= Student SPILL =

Student SPILL (Supporting Peers In Laidback Listening) is an anonymous and confidential peer-to-peer online support system for college students launched in December 2008. Available 24 hours a day, students can go to the Student SPILL website and vent about problems they are experiencing in an email message (a “Spill”). Student SPILL receives the message, makes the student's identity anonymous, and forwards the Spill to four to six student volunteers who are “trained in effective listening and writing empathetic responses”. Each volunteer sends a response to the student within 24 hours for free. In their response to Spills, Student Supporters provide local and national resources that may also be helpful to the Spiller. The Spilling process ends here, as all Spills are "one-shot deals".

As of February 2011, Student SPILL is available to ten post-secondary education campuses across the United States, and only students with .edu email addresses from these institutions may use the messaging service. However, Student SPILL is expanding rapidly and has affected over 1,000 students since its creation. Student SPILL also categorizes each Spill registered by the website to find unique trends to each college. At the end of a term, “Spill-using schools can leverage the data the service provides for student retention, risk mitigation, suicide prevention and to develop recommendations for services they should consider.”

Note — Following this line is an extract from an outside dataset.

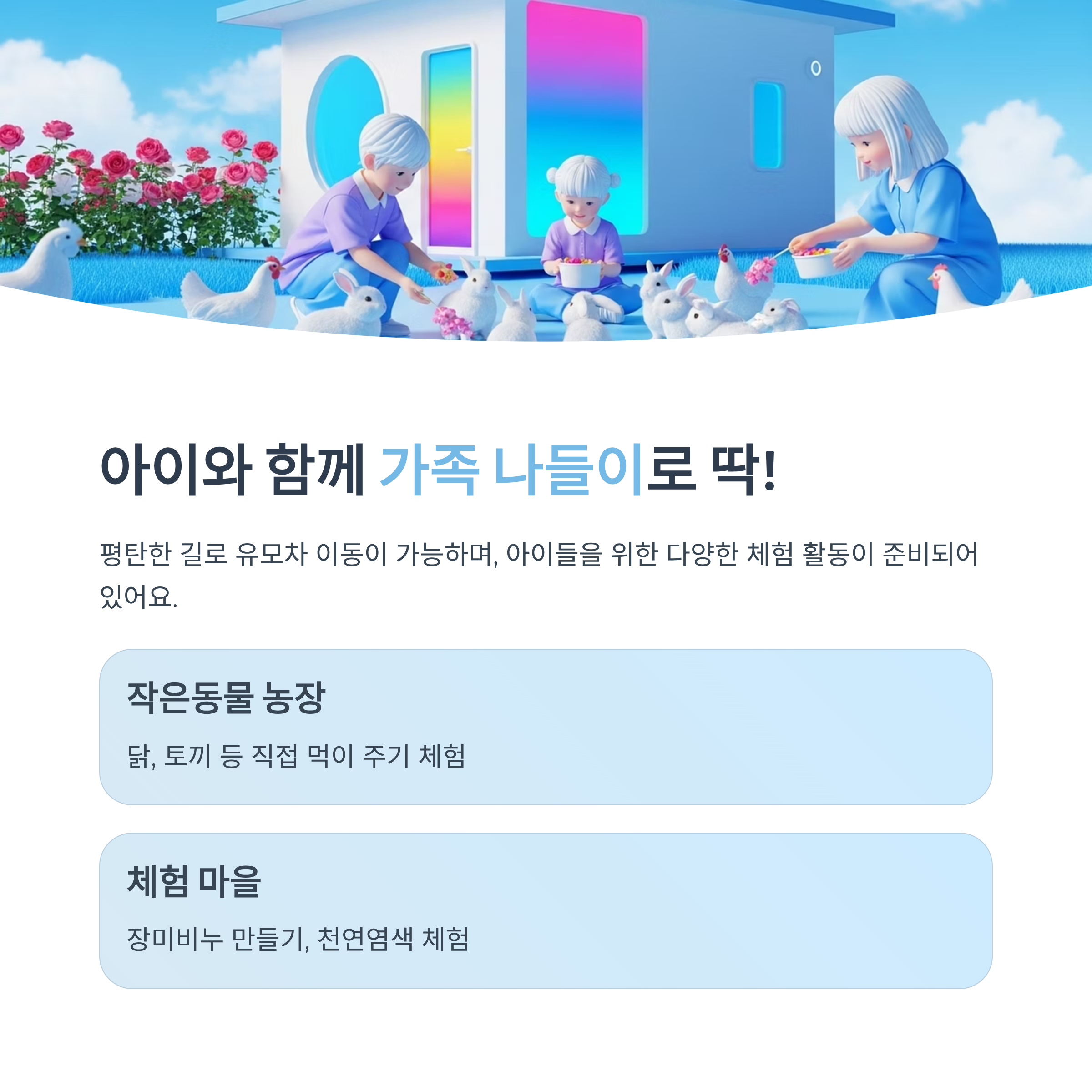 | 작은동물 농장 | 닭, 토끼 등 직접 먹이 주기 가능 |
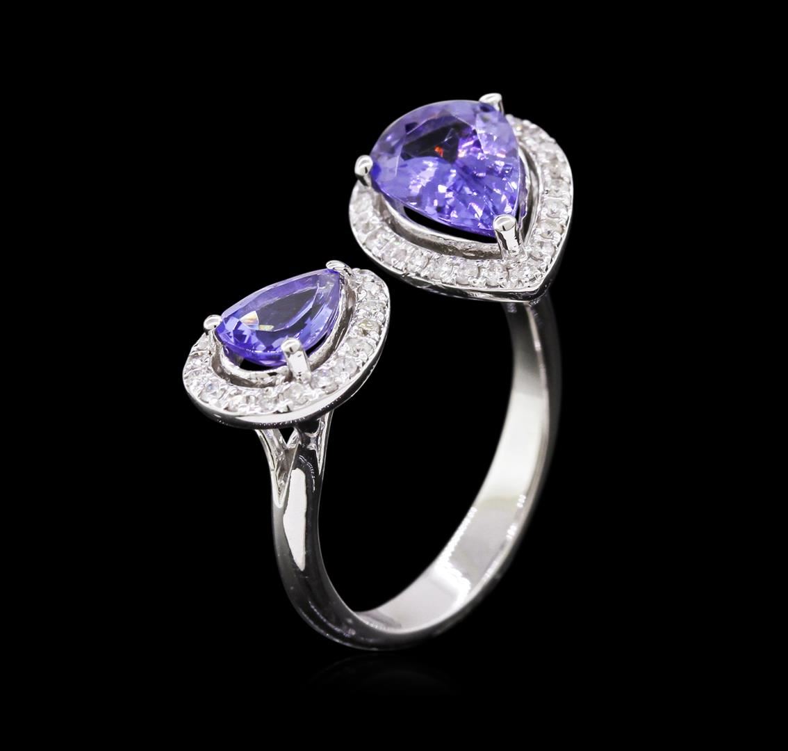 One ring featuring: 14KT white gold weighing 4.04 grams containing 2 tanzanite with a total weight of 2.55ct and diamonds with a total weight of 0.30ct.

Student SPILL intends to be a complement of existing counseling services and decrease the stigma associated with seeking professional help. It does not attempt to replace counseling services. There is a rising gap in ratio of counselors to students of only about one to every 1,600 students. Whereas the recommendation to counseling centers is one full-time equivalent counselor for every 1,000 students. At the same time the student need for counseling services is increasing. As a result, waitlists at college and university counseling centers are escalating. SPILL may serve as a one-time substitute when students who need immediate support and cannot acquire professional assistance. SPILL may also be a stepping stone for students afraid to seek professional help. Student Supporters often provide the college counseling center as a resource in their responses to Spills. Peer referrals to counseling centers may be most effective because peer providers have the capacity to be as effective, or more effective, than professionals at delivering some services.